Having disposed of this difference, and having observed that the white man was perhaps fifty years of age and the other not more than thirty, it may be said that they were both tall and sturdy, both well dressed, the white man with perhaps a little more distinction; both seemed from their faces and their manners to be men of culture and accustomed to the society of cultivated people. They were both handsome men, the elder representing a fine type of Anglo-Saxon, as the term is used in speaking of our composite white population; while the mulatto's erect form, broad shoulders, clear eyes, fine teeth, and pleasingly moulded features showed nowhere any sign of that degeneration which the pessimist so sadly maintains is the inevitable heritage of mixed races.

As to their personal relations, it has already appeared that they were members of the same profession. In past years they had been teacher and pupil. Dr. Alvin Burns was professor in the famous medical college where Miller had attended lectures. The professor had taken an interest in his only colored pupil, to whom he had been attracted by his earnestness of purpose, his evident talent, and his excellent manners and fine physique. It was in part due to Dr. Burns's friendship that Miller had won a scholarship which had enabled him, without drawing too heavily upon his father's resources, to spend in Europe, studying in the hospitals of Paris and Vienna, the two most delightful years of his life. The same influence had strengthened his natural inclination toward operative surgery, in which Dr. Burns was a distinguished specialist of national reputation.

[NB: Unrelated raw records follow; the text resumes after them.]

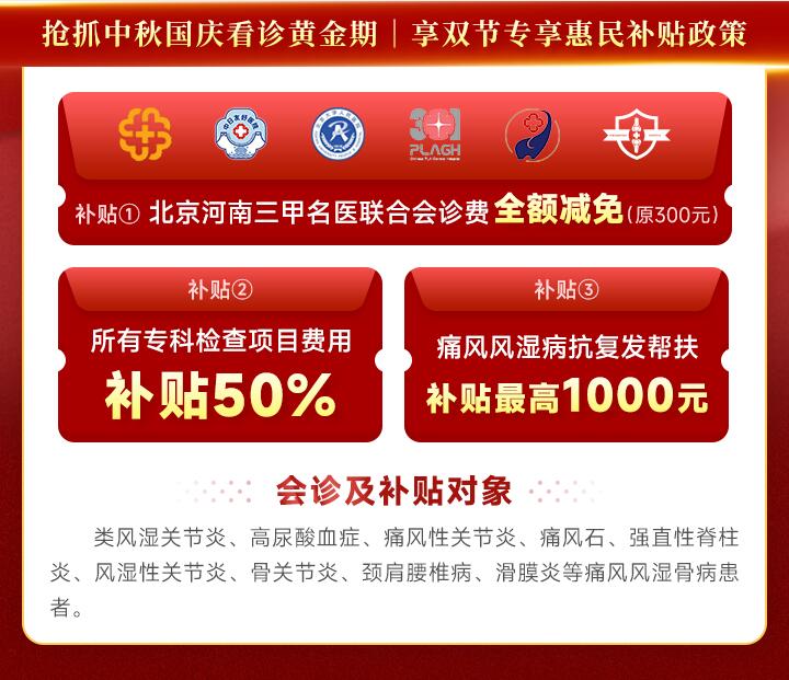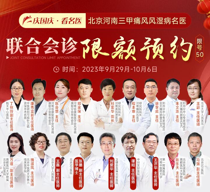 京豫9院18位三甲名医中秋国庆8天在郑州痛风风湿病医院会诊
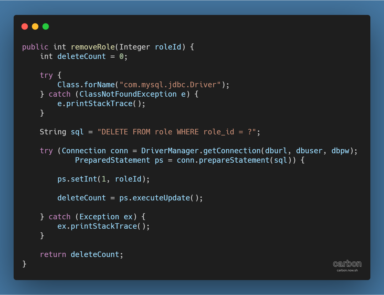 - try-with-resource 구문을 활용해 Connection 객체와 PreparedStatement 객체가 자동으로 닫히도록 처리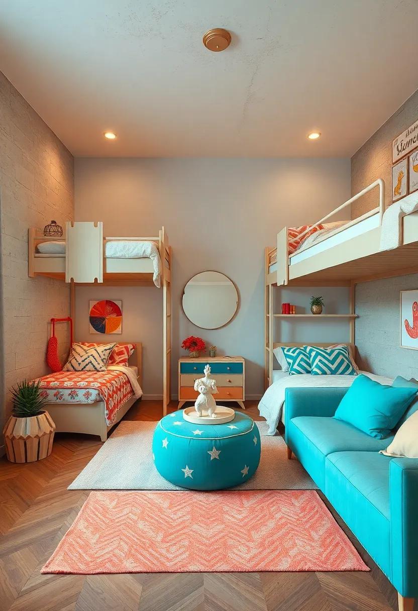 Incorporating these fabric choices thoughtfully creates distinct tactile identities within a shared room, encouraging both independence and togetherness.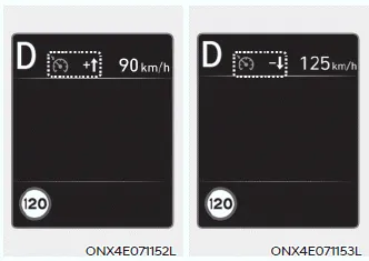 Si el lÃmite de velocidad de la carretera cambia durante el funcionamiento de la asistencia de lÃmite de velocidad manual o del control de crucero inteligente, se muestra una flecha en el sentido hacia arriba o hacia abajo para informar al conductor de que es necesario cambiar la velocidad fijada. En este momento, el conductor puede cambiar la velocidad fijada de acuerdo con el lÃmite de velocidad utilizando el interruptor + o - en el volante.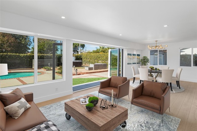 EXTENSIVELY REMODELED AND EXPANDED IN 2025 - NEVER LIVED IN POST-RENOVATION! Completely reimagined down to the framing and fully permitted, this stunning pool home with a three-car garage has been expanded to 2,405 sq. ft. per building plans. Situated on a spacious 6,955 sq. ft. cul-de-sac lot in the highly sought-after Moffett Tract of South Huntington Beach, 20401 Allport offers modern luxury in a prime coastal location. New additions include a beautiful downstairs bedroom and elegant full bathroom with private access from the main residence, a spacious kitchen and family room expansion, and a larger primary suite and bathroom. The open-concept kitchen features a massive island, custom cabinetry, Thermador stainless steel appliances, and a striking counter-to-ceiling quartz backsplash. The kitchen flows seamlessly into the family room and out to the pool area through grand WinDor panel doors, creating the perfect indoor-outdoor living experience. The living room showcases brand-new built-in cabinetry, shelving, and soundproof slat board paneling surrounding a sleek new electric fireplace. Upstairs, the expanded primary suite offers a luxurious bathroom with a fully enclosed shower, soaking tub and a deluxe walk-in closet. Three additional bedrooms share a beautifully remodeled third full bathroom. Additional upgrades include: New electrical panel and extensive new wiring, Energy-efficient recessed lighting, All-new plumbing, New WinDor dual-pane windows, New Hardie Board siding and updated stucco exterior. If you're seeking a turnkey home with a thoughtfully designed floor plan and high-end finishes throughout, look no further than 20401 Allport.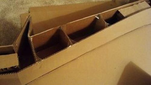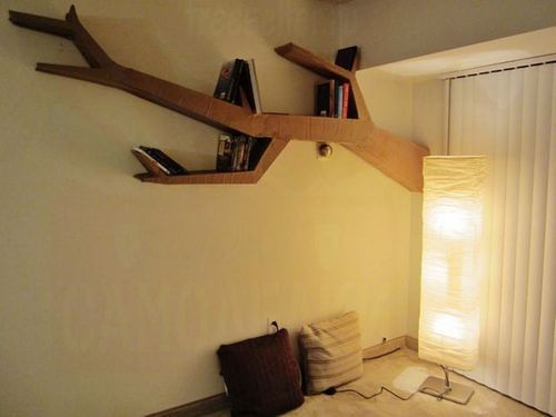 Если у вас есть ненужные коробки из гофрированного картона, то можно сделать удивительную полку. В эту работу невозможно не влюбиться, так как она сделана своими руками. Гигантский картонный короб, из которого недавно доставили новый диван, послужит идеальным материалом для данной самоделки.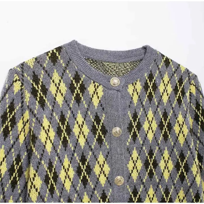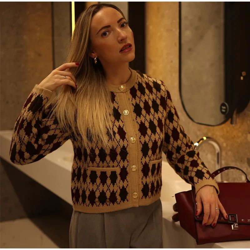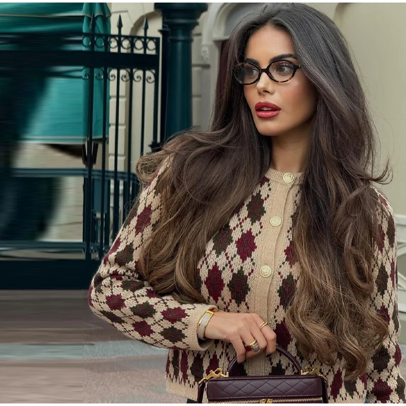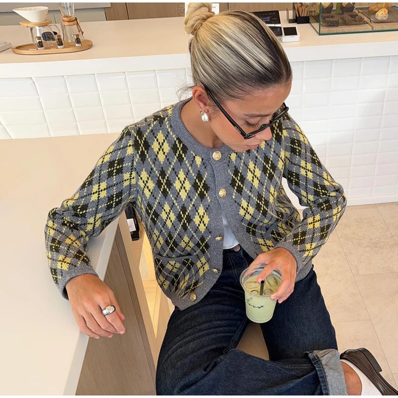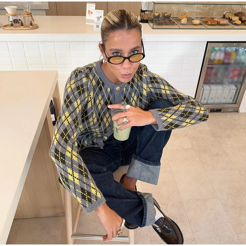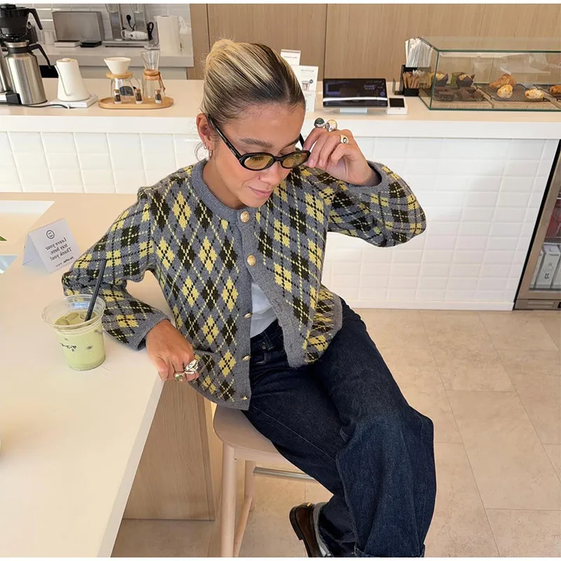 Check Plaid Knitted Cardigans Women Single Breasted Casual Loose Elegant Sweaters Long Sleeve Chic Coats 2024 Winter Lady Tops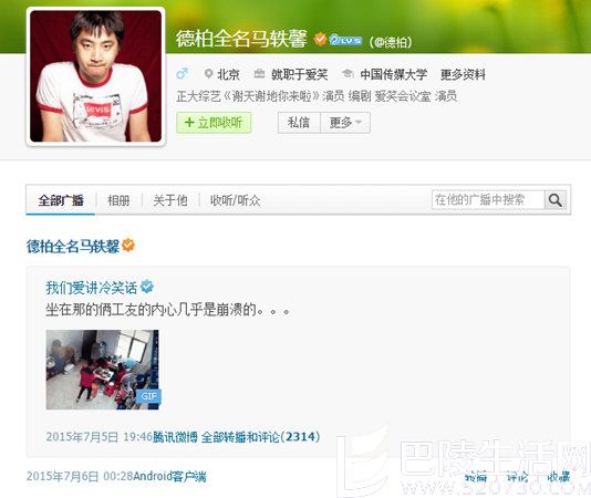 看过《我都爱笑》和《爱笑会议室》的人都知道,爱笑兄弟中有一位叫德柏的喜剧演员,德柏的原名叫马轶馨,那么德柏微博是什么呢?目前新浪微博没有ID认证是德柏,或者是马轶馨,腾讯微博有一个ID叫“德柏全名马轶馨”,简介是“正大综艺《谢天谢地你来啦》演员、编剧、爱笑会议室、演员”,并从以往的晒照可以看出,这应该就是德柏的微博了。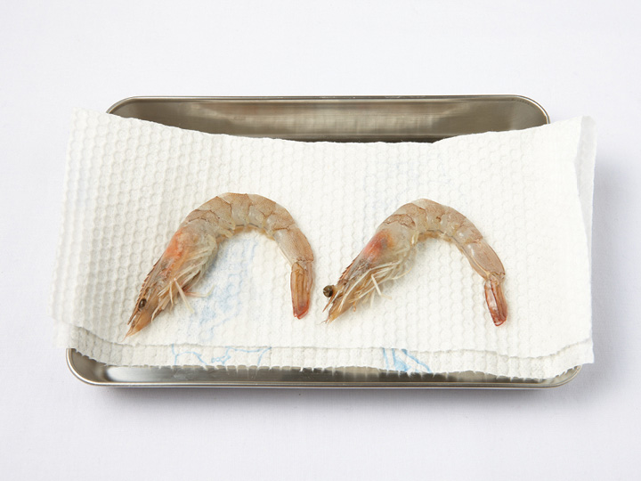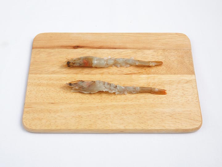 껍질을 벗긴 뒤 내장과 꼬리 중앙에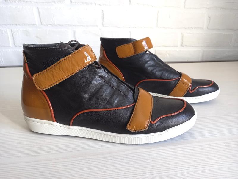 Высокие кожаные кеды Navyboot, черная кожа с усилениями лакированной кожи карамельного цвета, размер 42, состояние новых Длина стельки - 29 см, ширина - 9 см, высота - 14 см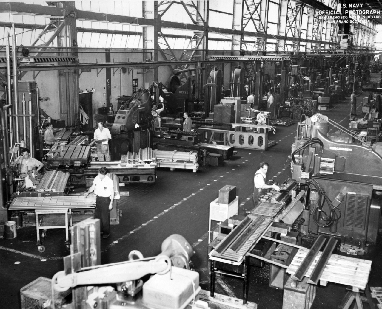 Hunters Point shipyard manufacturing floor, pictured in June 1955. Photo courtesy of U.S. Navy.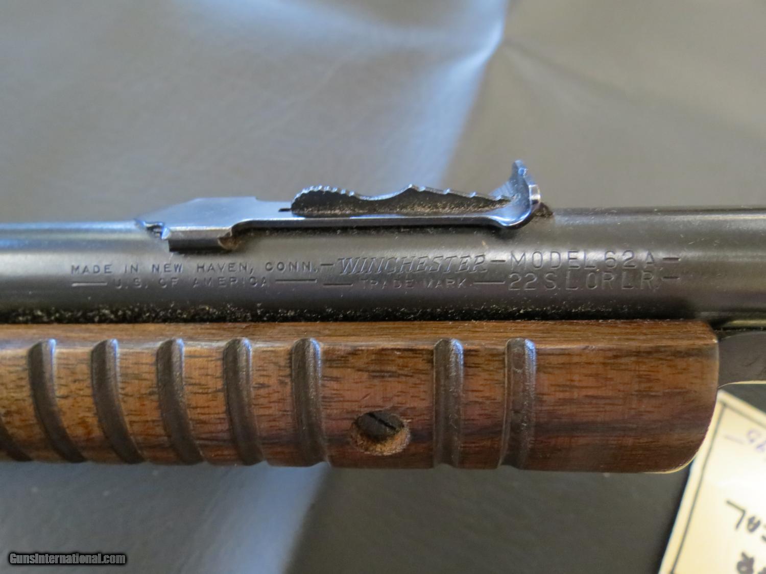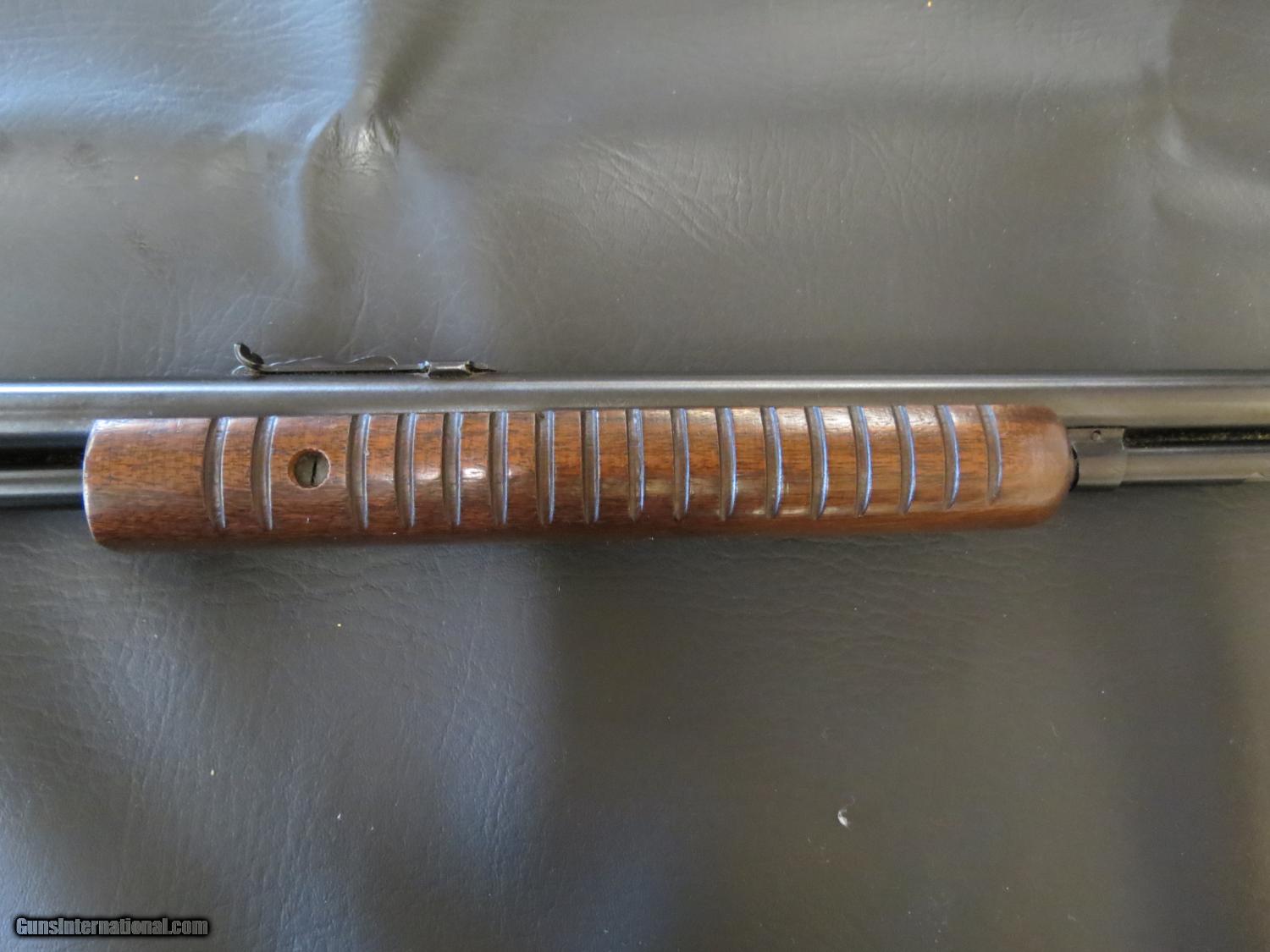 Description: This is a 1958 Winchester model 62A in what would be mint condition if not for a very small repair on the butt stock at the grip, VERY light handling marks on the wood and one very small scratch on the left side of the receiver. Everything else about this gun is immaculate. SOLD Manufacturer: Winchester Model: 62A Serial Number: 402537 Caliber Info: .22 lr Bore: Very good Condition: Very Good Metal Condition: Excellent Wood Condition: Good Bore Condition: Very Good Action: Slide Manufacture Date: 1958 Item Location: Phoenix, Az. |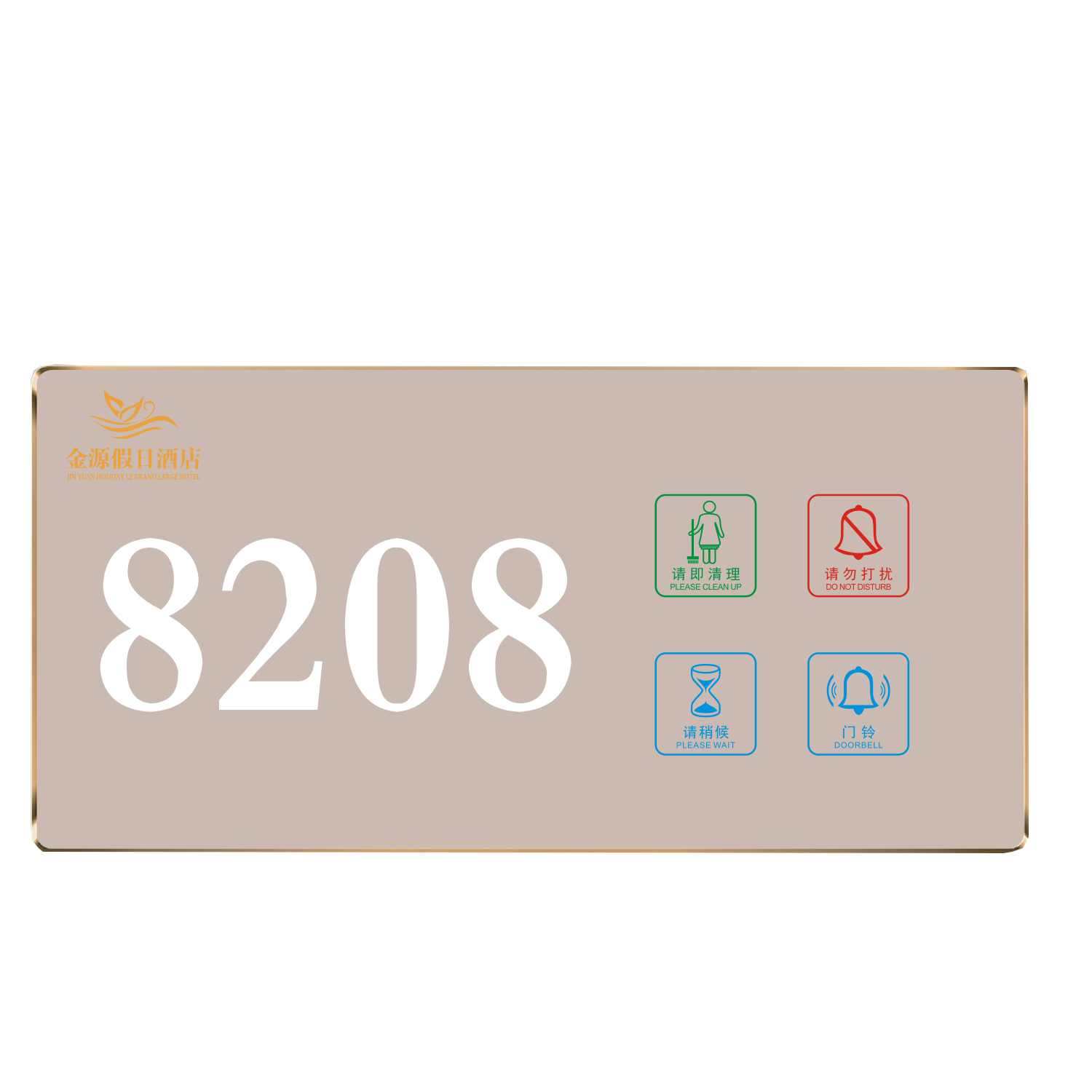 3、客人按下房間內(nèi)的"請(qǐng)即清理”開(kāi)關(guān),液晶屏的"請(qǐng)即清理”圖案背光亮起, 門(mén)外顯示屏中提示房間需要清理。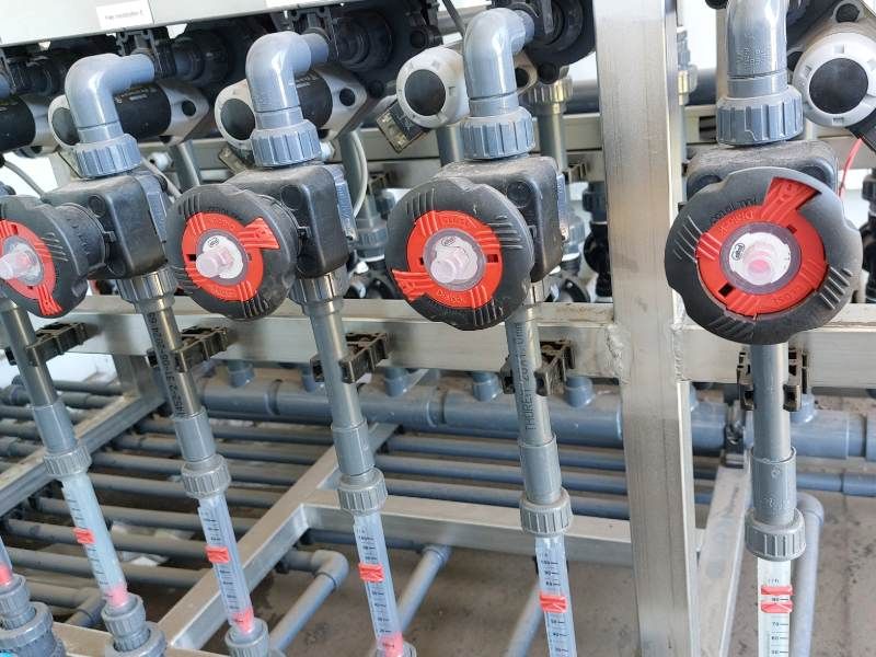 De fertigatie wordt uitgevoerd met een fertigatie-unit van Viaverda, uitgerust met 14 kraanvakken en 11 afzonderlijke venturi-systemen voor meststofinjectie. Deze unit bedient niet alleen de uienproef, maar ook parallel lopende proeven in aardappel en prei. Alles wordt aangestuurd vanuit een 10 ft-container die onder meer is uitgerust met een drukregelaar, manometer, flowmeter en EC-meter. De watertoevoer komt via een wachtcontainer op het perceel.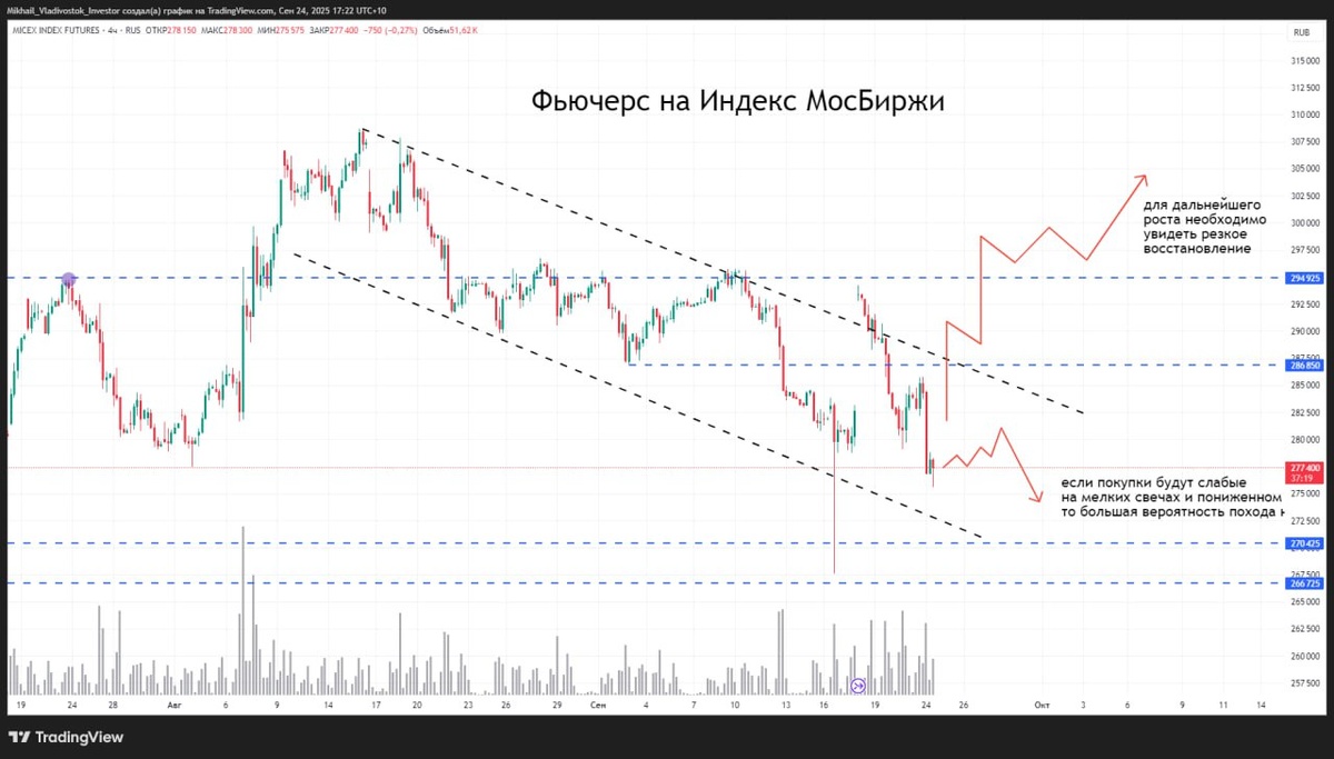 - Начинаем основную сессию с падения. Фьючерс на Индекс Мосбиржи $MXU6 -2,5%. Если слабо восстанавливаемся на мелких свечах и пониженном объеме, то можем снова пойти тестировать минимумы.

Miller's father, Adam Miller, had been a thrifty colored man, the son of a slave, who, in the olden time, had bought himself with money which he had earned and saved, over and above what he had paid his master for his time. Adam Miller had inherited his father's thrift, as well as his trade, which was that of a stevedore, or contractor for the loading and unloading of vessels at the port of Wellington. In the flush turpentine days following a few years after the civil war, he had made money. His savings, shrewdly invested, had by constant accessions become a competence. He had brought up his eldest son to the trade; the other he had given a professional education, in the proud hope that his children or his grandchildren might be gentlemen in the town where their ancestors had once been slaves.

Upon his father's death, shortly after Dr. Miller's return from Europe, and a year or two before the date at which this story opens, he had promptly spent part of his inheritance in founding a hospital, to which was to be added a training school for nurses, and in time perhaps a medical college and a school of pharmacy. He had been strongly tempted to leave the South, and seek a home for his family and a career for himself in the freer North, where race antagonism was less keen, or at least less oppressive, or in Europe, where he had never found his color work to his disadvantage. But his people had needed him, and he had wished to help them, and had sought by means of this institution to contribute to their uplifting. As he now informed Dr. Burns, he was returning from New York, where he had been in order to purchase equipment for his new hospital, which would soon be ready for the reception of patients.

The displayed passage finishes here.